In the Evening News last week there were the headlines: Mothers-to-be in Protest. Thousands of Mothers in North and West London are Protesting about Maternity Arrangements". It then added: New and larger maternity departments are to be provided at the North Middlesex Hospital". I served for seven years in the North Middlesex Hospital so I know it rather well. The hospital serves a large, congested area of North London and it still uses prefabricated huts of the First World War for its maternity work. Successive Ministers of Health have been told about this condition, but no action has been taken. I think that I have brought to the notice of your Lordships' House that over the last twelve years we have had a spate of White Papers and Blue Books—paper concepts only—but there has been no concrete, comprehensive service.

Finally, my Lords, I wish to say something about the cost and testing of drugs, something in which I believe every one of your Lordships has a special interest, for every one of your Lordships here is, after all, a potential patient. On February 19, 1953, I drew the attention of Mr. Macleod, the then Minister of Health, to the Report of the Auditor-General with regard to the heavy prescribing of expensive proprietary drugs, and I asked what action he proposed to take in order to reduce this expenditure. That was in 1953. Mr. Macleod said: The doctors must refrain. For my part I am considering what further steps can be taken. In 1954 the average cost of a prescription—and I hope your Lordships realise that this does not mean just antibiotics; for the average costs of course include a few tablets of aspirin and of the minor things as well—was 5s. 1d.; in 1958, 7s. 4d.; in 1960, 8s. 5d.; in 1961, 9s. 3d.; and now I am told that it is over 10s. 0d. When it came up to 1959 the Government decided to set up a Committee, the Hinchliffe Committee, in order to consider the matter. The Committee recommended that an expert Committee should advise the Minister; but still the costs soared.
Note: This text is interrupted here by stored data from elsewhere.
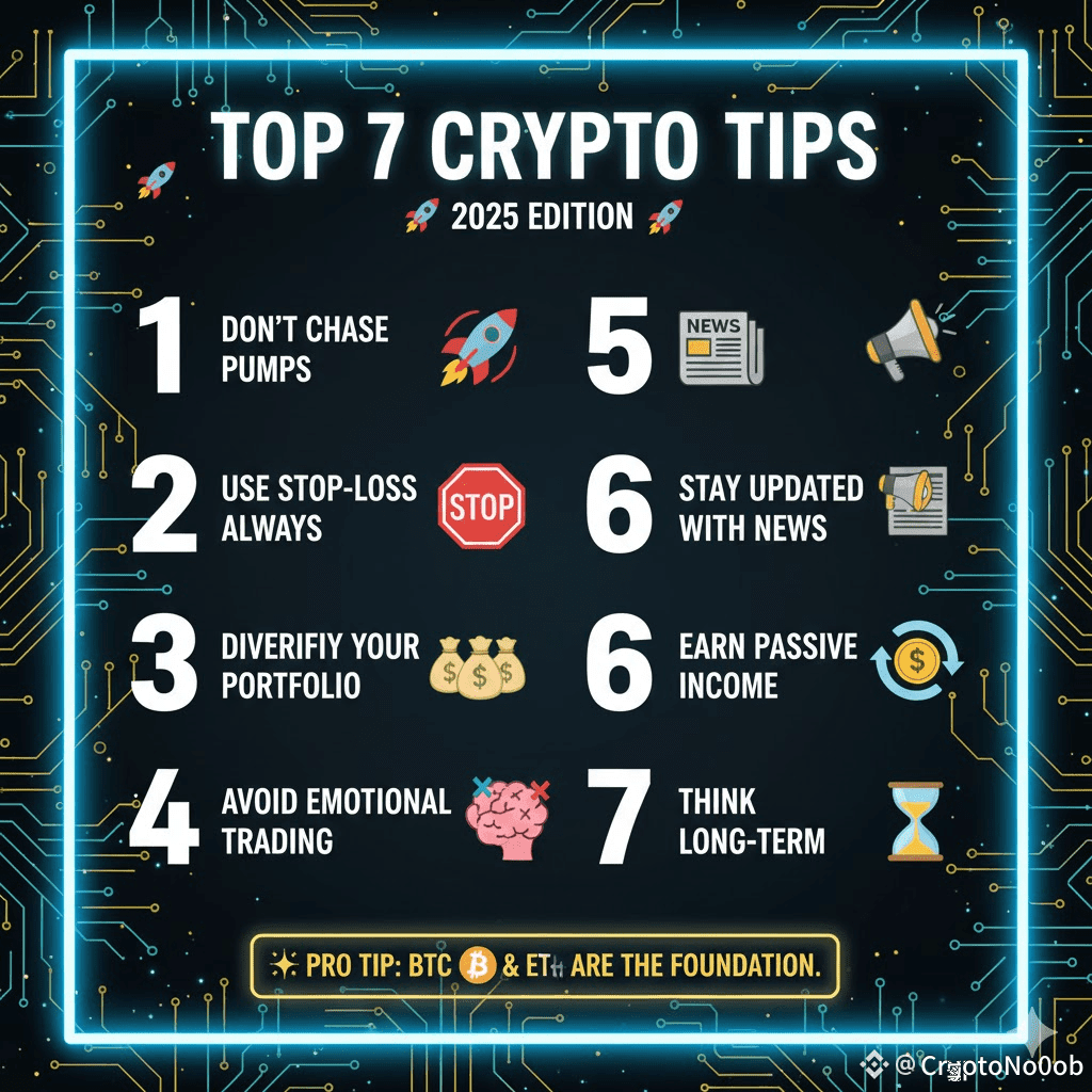 Crypto markets move fast — one wrong move can cost you, and one smart decision can multiply your gains. Here are seven battle-tested tips every trader should live by in 2025 👇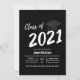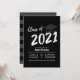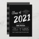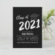 Invitación a la fiesta clásica de graduación en blanco y negro con tapón de graduación.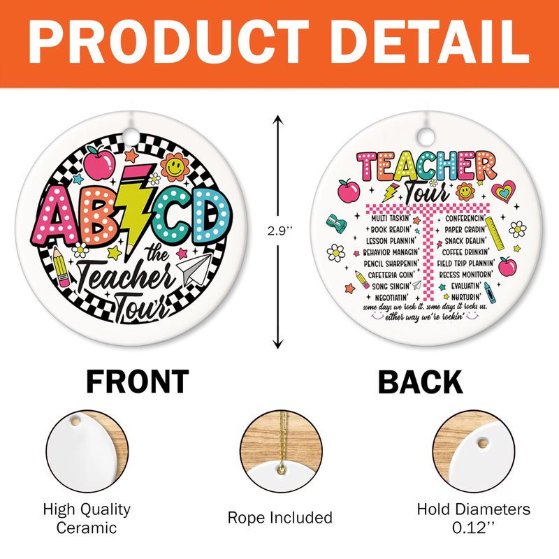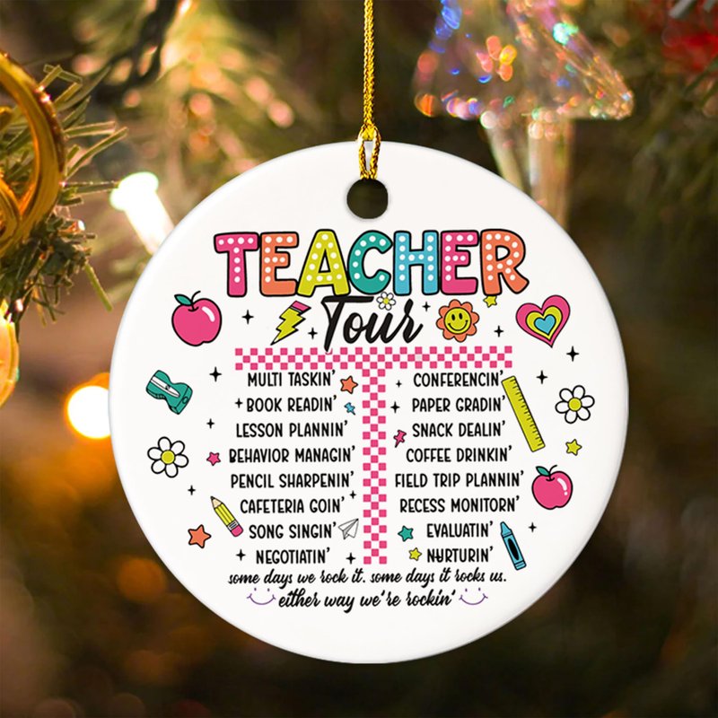 Teacher Tour Ornament Appreciation Gifts - Teacher Christmas Ornaments 2024 - Teacher Gifts for Christmas - Best Teacher Gifts - Teacher Appreciation Gifts for Women - Ceramic Double - Side 2.9''(H47)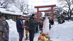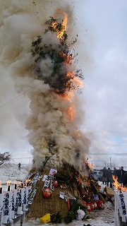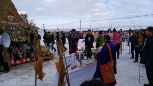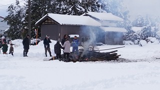 13時よりの星野宮司様の神事の後点火、恒例の名物の甘酒とタクアンを地域住民の多くの方と一緒に頂きました。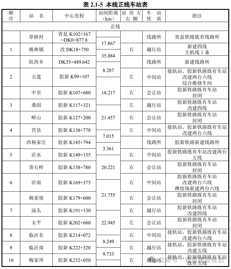 工程全线正线设车站10座,分别为桃林镇站、五莲站、桑园站、莒县站、沂水站、沂南站、汤头站、临沂东站、临沂南站、梅家埠站,其中桃林镇站为新建站,其余车站为胶新铁路既有站改建,另封闭胶新铁路中至站、峤山站、青石岭站、杨家坡站、太平站5座会让站。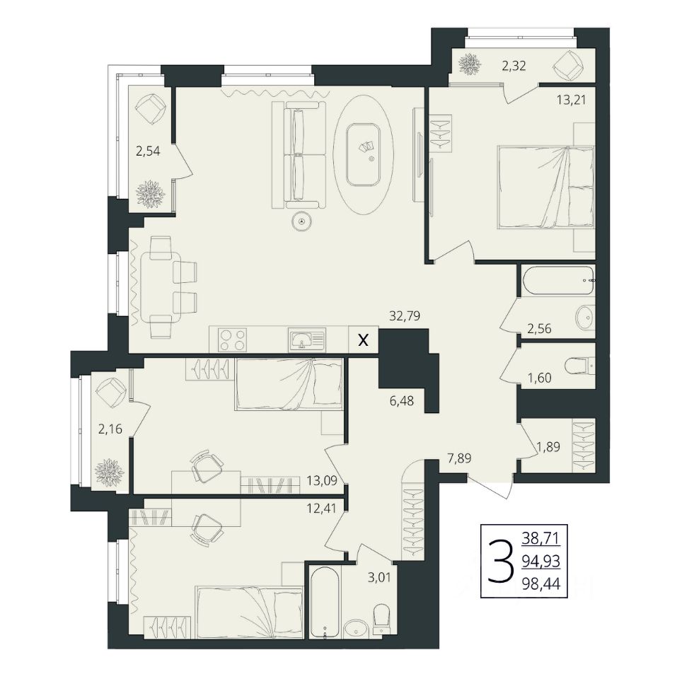 Трехкомнатные

With regard to the testing of drugs, your Lordships will, I think, during the last few years have been alive to the dangers of the distribution of untested drugs in the country. Again this has been brought to the attention of successive Ministers of Health, and I think it was the thalidomide tragedy which focused public attention on the scandal. It was generally felt among doctors, and, I think, the public, that an impartial body should be responsible for testing, not the pharmaceutical industry which has a vested interest in the matter. This seems to me to be common sense. These views have been expressed time after time, but we have waited all these years. At last, when the House was in Recess, Mr. Powell announced in September that on January 1, 1964, a Committee will be convened to assess reports on toxicity tests and clinical trials of new drugs. Unhappily the toxicity tests are to be left to manufacturers and not to an impartial body, and therefore it will still be possible for an unscrupulous manufacturer to market medicines which have not been subject to a satisfactory test. When told of this, despite these Committees of eminent people, and despite his statement during the year, in which he said, "I want to show you all that these Committees will have teeth", he then said: If an unscrupulous manufacturer did distribute a drug which had not been tested, it could be brought to the notice of the Committee. I feel that is a little late. These drugs should be tested by an impartial body before they are distributed. It is well known that there are many black sheep in the drug industry, which, with its American subsidiaries, has made a fortune out of the National Health Service, and I find it difficult to believe that Committees alone will induce a new, high standard of ethical behaviour among the black sheep. I think this highlights our indictment of the Government in the field of health. The test of a Government is not the aspirations they express, but the real worth of the men, the methods and the money they employ.